ASSIGNMENT:
Your answer must be the full set of records, copied exactly, with no pictures in it.

....

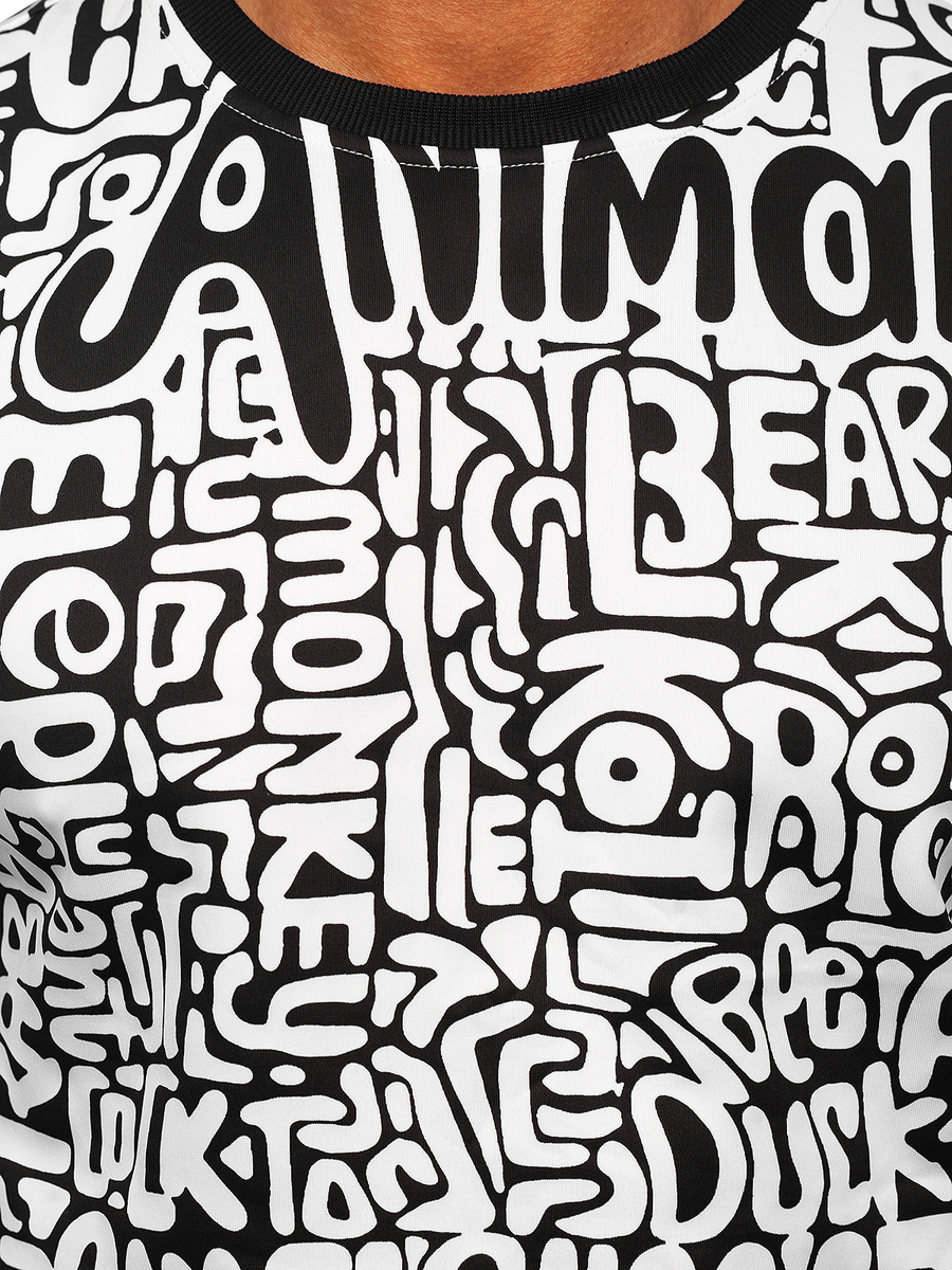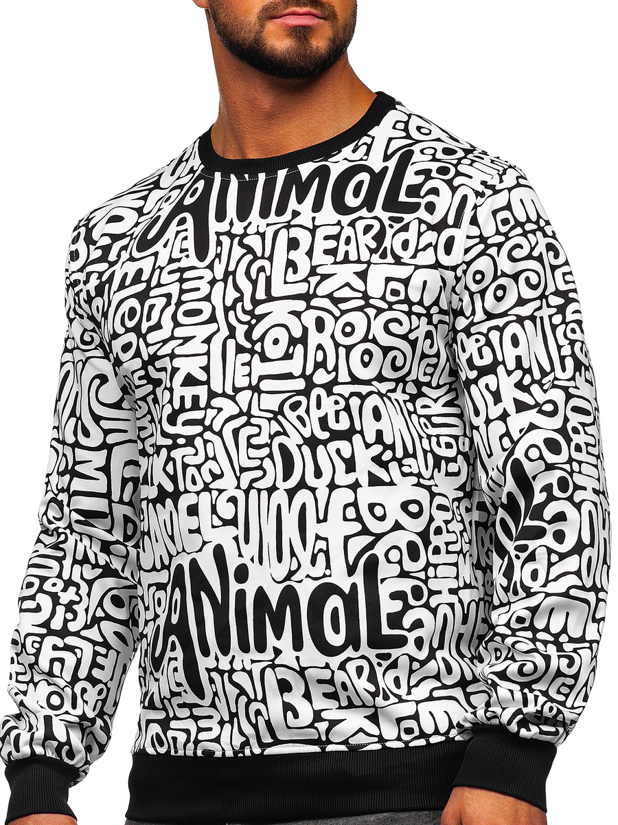 Чернo-бял мъжки суитшърт без качулка с принт Bolf 8B1131
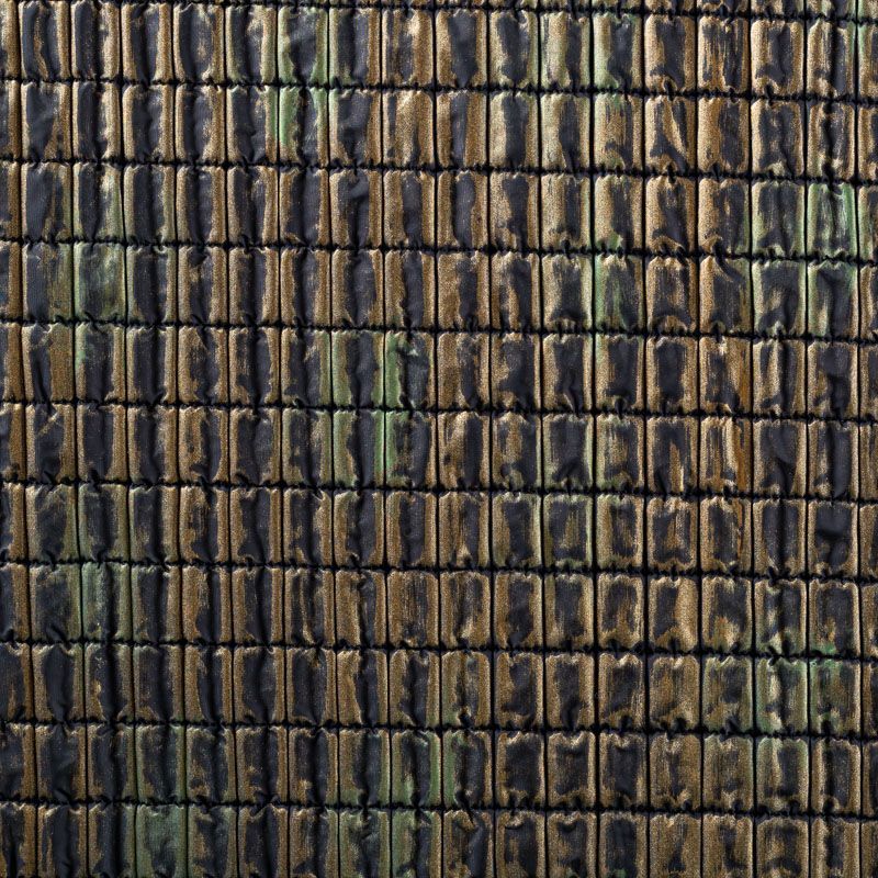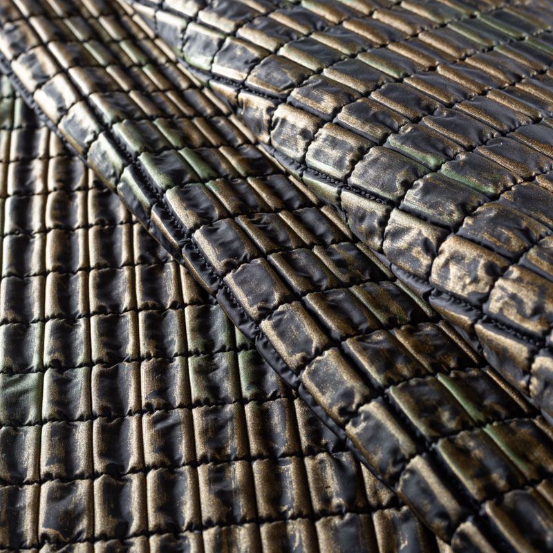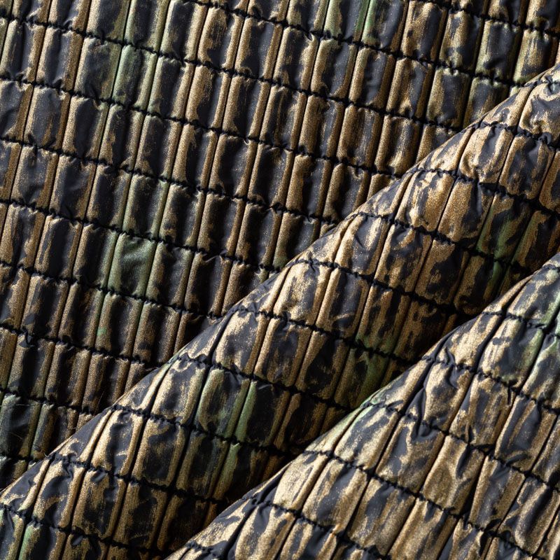 Оригинальная трехслойная итальянская курточная ткань состаренного золотистого оттенка с эффектом жатки, простеганная не крупными прямоугольниками. Нижний, черного цвета, заменяет подклад и верхний слой - полиэстер, по качеству напоминает болонь, а по фактуре кожу рептилии, между ними синтепон. Ткань легкая, пластичная, хорошо держит форму, отлично тянется по долевой, набирается на изделие объемом.  Прекрасно подойдет для  пошива легких пальто, курток, бомберов, жилетов, накидок-кейпов, объемных сумок, одежды для домашних питомцев, туристического снаряжения.
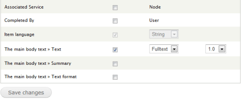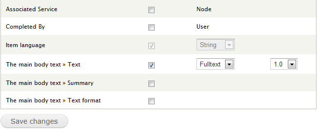 7. Select the fields for indexing. Please note that the only the indexed fields can be used in the search view.
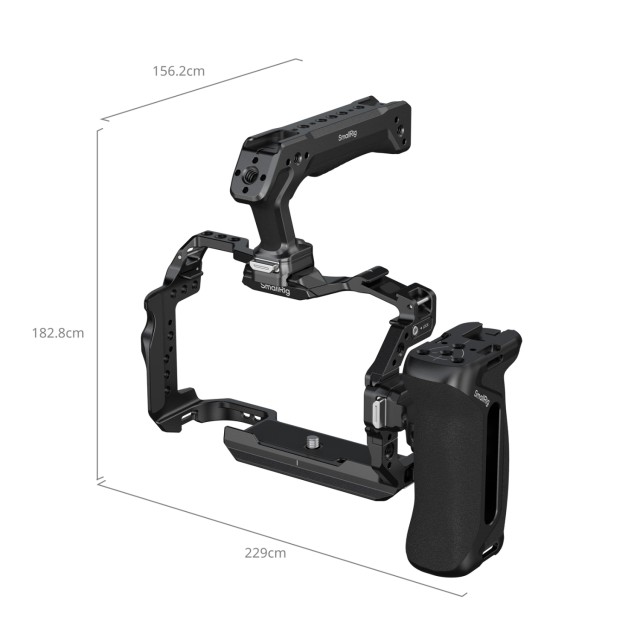 La jaula mantiene un acceso completo a los controles de la cámara, incluyendo el compartimento de la batería, las ranuras para tarjetas y los puertos, incluso cuando los cables están conectados. La base de montaje en la jaula, el asa superior y el asa lateral proporcionan puntos de montaje cómodos para accesorios adicionales, lo que convierte a este kit en una solución versátil tanto para configuraciones fotográficas como de vídeo.
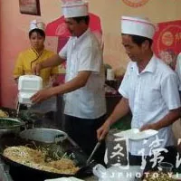 许多食家常用"梅粉胜广河"这句话来赞誉吴川梅菉的街边炒粉。一人一担箩头、一筐米粉、一只火炉、一口铁锅,平日只在市场角落、墟尾街头摆摊开档的"大众化"炒粉。它之所以久享盛名,自有其"奥秘"所在:一、制粉必须选用香软可口的上等白米。二、浸米时间要根据不同季节气温而决定长短。三、炊粉皮粉浆要薄,炉火要旺。四、切粉丝要细。五、炒粉是最关键的一环,先下生油,再下猪油将蒜子爆香,即落粉猛火急炒,继而下齐酱油、味精、白糖等适量配料拌炒熟透,再慢火烘粉至黄色,最后撒下葱花或芫荽,即可上碟食用。( 吴川)
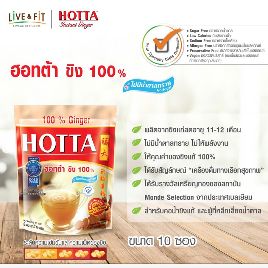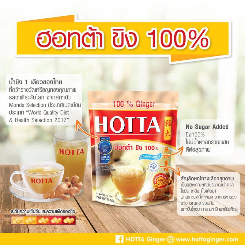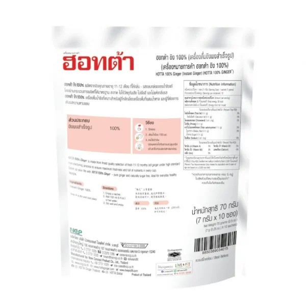 HOTTA น้ำขิง ฮอทต้า เครื่องดื่มขิงผงสำเร็จรูป ขิง 100% ไม่มีน้ำตาลทราย ขนาด 10 ซอง 1 ถุง
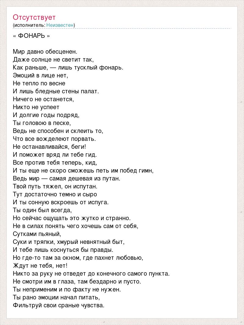 « ФОНАРЬ » Мир давно обесценен. Даже солнце не светит так, Как раньше, — лишь тусклый фонарь. Эмоций в лице нет, Не тепло по весне И лишь бледные стены палат. Ничего не останется, Никто не успеет И долгие годы подряд, Ты головою в песке, Ведь не способен и склеить то, Что все вожделеют порвать. Не останавливайся, беги! И поможет вряд ли тебе гид. Все против тебя теперь, кид, И ты еще не скоро сможешь петь им побед гимн, Ведь мир — самая дешевая из путан. Твой путь тяжел, он испутан. Тут достаточно темно и сыро И ты сонную вскроешь от испуга. Ты один был всегда, Но сейчас ощущать это жутко и странно. Не в силах понять чего хочешь сам от себя, Сутками пьяный, Суки и тряпки, хмурый невнятный быт, И тебе лишь коснуться бы правды. Но где-то там за окном, где пахнет любовью, Ждут не тебя, нет! Никто за руку не отведет до конечного самого пункта. Не смотри им в глаза, там бездарно и пусто. Ты неприменим и по факту не нужен. Ты рано эмоции начал питать, Фильтруй свои сраные чувства.
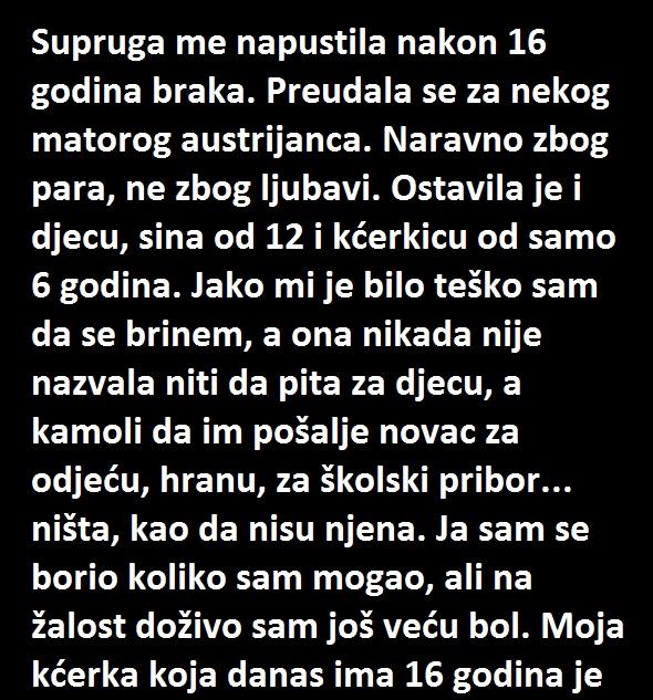 Ja sam se borio koliko sam mogao, ali na žalost doživio sam još veću bol. Moja kćerka koja danas ima 16 godina je… otišla. Rekla mi je da sam loš otac, grozan i otišla. Vjerovali ili ne , otišla je mami u Austriju. Kako sam saznao, taj njen je umro prije godinu dana i sada se sjetila djece.
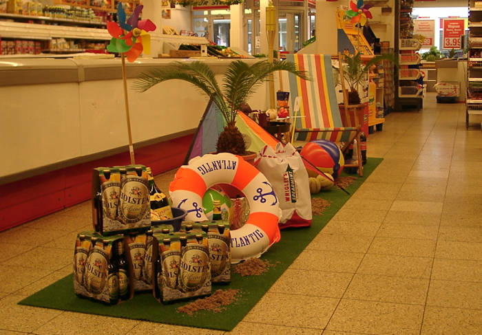 Wir haben dazu einen kleinen Aufbau gemacht. Ohne speziellen Sonderverkauf, das gab der Platz einfach nicht her, sondern rein zu dekorativen Zwecken: Ein Streifen Kunstrasen mit Sand und Liegestuhl, Grill mit Plastikgemüse, Palmen, Bier und Strandspielzeug. Wird vermutlich nicht mehr Umsatz bringen, ist aber auf jeden Fall ein kleiner Hingucker:
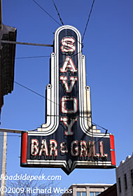 The Savoy Bar & Grill is located off the roadside in Flint, MI. The Savoy features a deco looking marquee hanging over the side walk and the building has a colorful mural to boot. 06-09

....

EXERCISE RESPONSE:
 Чернo-бял мъжки суитшърт без качулка с принт Bolf 8B1131
 Оригинальная трехслойная итальянская курточная ткань состаренного золотистого оттенка с эффектом жатки, простеганная не крупными прямоугольниками. Нижний, черного цвета, заменяет подклад и верхний слой - полиэстер, по качеству напоминает болонь, а по фактуре кожу рептилии, между ними синтепон. Ткань легкая, пластичная, хорошо держит форму, отлично тянется по долевой, набирается на изделие объемом.  Прекрасно подойдет для  пошива легких пальто, курток, бомберов, жилетов, накидок-кейпов, объемных сумок, одежды для домашних питомцев, туристического снаряжения.
 7. Select the fields for indexing. Please note that the only the indexed fields can be used in the search view.
 La jaula mantiene un acceso completo a los controles de la cámara, incluyendo el compartimento de la batería, las ranuras para tarjetas y los puertos, incluso cuando los cables están conectados. La base de montaje en la jaula, el asa superior y el asa lateral proporcionan puntos de montaje cómodos para accesorios adicionales, lo que convierte a este kit en una solución versátil tanto para configuraciones fotográficas como de vídeo.
 许多食家常用"梅粉胜广河"这句话来赞誉吴川梅菉的街边炒粉。一人一担箩头、一筐米粉、一只火炉、一口铁锅,平日只在市场角落、墟尾街头摆摊开档的"大众化"炒粉。它之所以久享盛名,自有其"奥秘"所在:一、制粉必须选用香软可口的上等白米。二、浸米时间要根据不同季节气温而决定长短。三、炊粉皮粉浆要薄,炉火要旺。四、切粉丝要细。五、炒粉是最关键的一环,先下生油,再下猪油将蒜子爆香,即落粉猛火急炒,继而下齐酱油、味精、白糖等适量配料拌炒熟透,再慢火烘粉至黄色,最后撒下葱花或芫荽,即可上碟食用。( 吴川)
 HOTTA น้ำขิง ฮอทต้า เครื่องดื่มขิงผงสำเร็จรูป ขิง 100% ไม่มีน้ำตาลทราย ขนาด 10 ซอง 1 ถุง
 « ФОНАРЬ » Мир давно обесценен. Даже солнце не светит так, Как раньше, — лишь тусклый фонарь. Эмоций в лице нет, Не тепло по весне И лишь бледные стены палат. Ничего не останется, Никто не успеет И долгие годы подряд, Ты головою в песке, Ведь не способен и склеить то, Что все вожделеют порвать. Не останавливайся, беги! И поможет вряд ли тебе гид. Все против тебя теперь, кид, И ты еще не скоро сможешь петь им побед гимн, Ведь мир — самая дешевая из путан. Твой путь тяжел, он испутан. Тут достаточно темно и сыро И ты сонную вскроешь от испуга. Ты один был всегда, Но сейчас ощущать это жутко и странно. Не в силах понять чего хочешь сам от себя, Сутками пьяный, Суки и тряпки, хмурый невнятный быт, И тебе лишь коснуться бы правды. Но где-то там за окном, где пахнет любовью, Ждут не тебя, нет! Никто за руку не отведет до конечного самого пункта. Не смотри им в глаза, там бездарно и пусто. Ты неприменим и по факту не нужен. Ты рано эмоции начал питать, Фильтруй свои сраные чувства.
 Ja sam se borio koliko sam mogao, ali na žalost doživio sam još veću bol. Moja kćerka koja danas ima 16 godina je… otišla. Rekla mi je da sam loš otac, grozan i otišla. Vjerovali ili ne , otišla je mami u Austriju. Kako sam saznao, taj njen je umro prije godinu dana i sada se sjetila djece.
 Wir haben dazu einen kleinen Aufbau gemacht. Ohne speziellen Sonderverkauf, das gab der Platz einfach nicht her, sondern rein zu dekorativen Zwecken: Ein Streifen Kunstrasen mit Sand und Liegestuhl, Grill mit Plastikgemüse, Palmen, Bier und Strandspielzeug. Wird vermutlich nicht mehr Umsatz bringen, ist aber auf jeden Fall ein kleiner Hingucker:
 The Savoy Bar & Grill is located off the roadside in Flint, MI. The Savoy features a deco looking marquee hanging over the side walk and the building has a colorful mural to boot. 06-09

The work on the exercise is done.